Hereditary Vesicoureteral Reflux: A Study of 66 Families

Purpose: We studied the inheritance pattern, clinical features and outcome in children with vesicoureteral reflux (VUR). Characteristics of known familial VUR cases were also compared with those of sporadic VUR. Material and Methods: 726 patients were treated for VUR between 1990-2004. The families were contacted by letter inquiring if other members of the family were affected. The phenotype of all cases (familial and non-familial) was characterized in terms of presenting symptoms, reflux grade, recurrent urinary tract infections, kidney damage, and the natural course of reflux.

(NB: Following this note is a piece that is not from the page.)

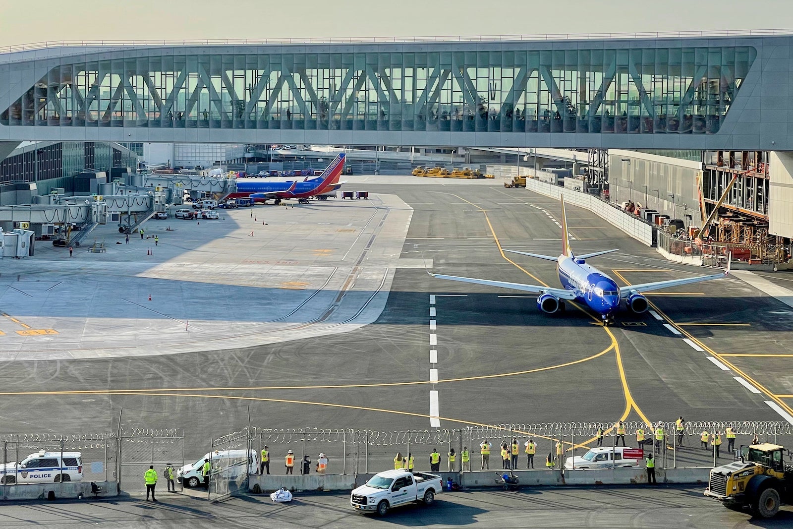 Southwest Flight 617, operated by a 21-year-old Boeing 737-700, registered N767SW, became the first aircraft to use the new taxiway. A group of executives and other invited guests gathered on the western sky bridge to watch the event unfold.

Results: The response rate was 79%. A total of 99 individuals (22%) reported relatives with VUR. Since some of the 99 index cases belonged to the same family, the total number of families was ultimately 66. The distribution of relatives with VUR was: 38 siblings, 20 parents (15 mothers), 19 cousins, 15 aunts/uncles and 12 grandparents. The phenotype of VUR did not differ between familial and non-familial cases. However, VUR among relatives was of milder grade than index and sporadic cases. Conclusions: The proportion of hereditary reflux in our material was lower than in other studies (22%). We found a strong overrepresentation of maternal transmission of reflux. Severity of the disease did not differ between familial and non-familial VUR.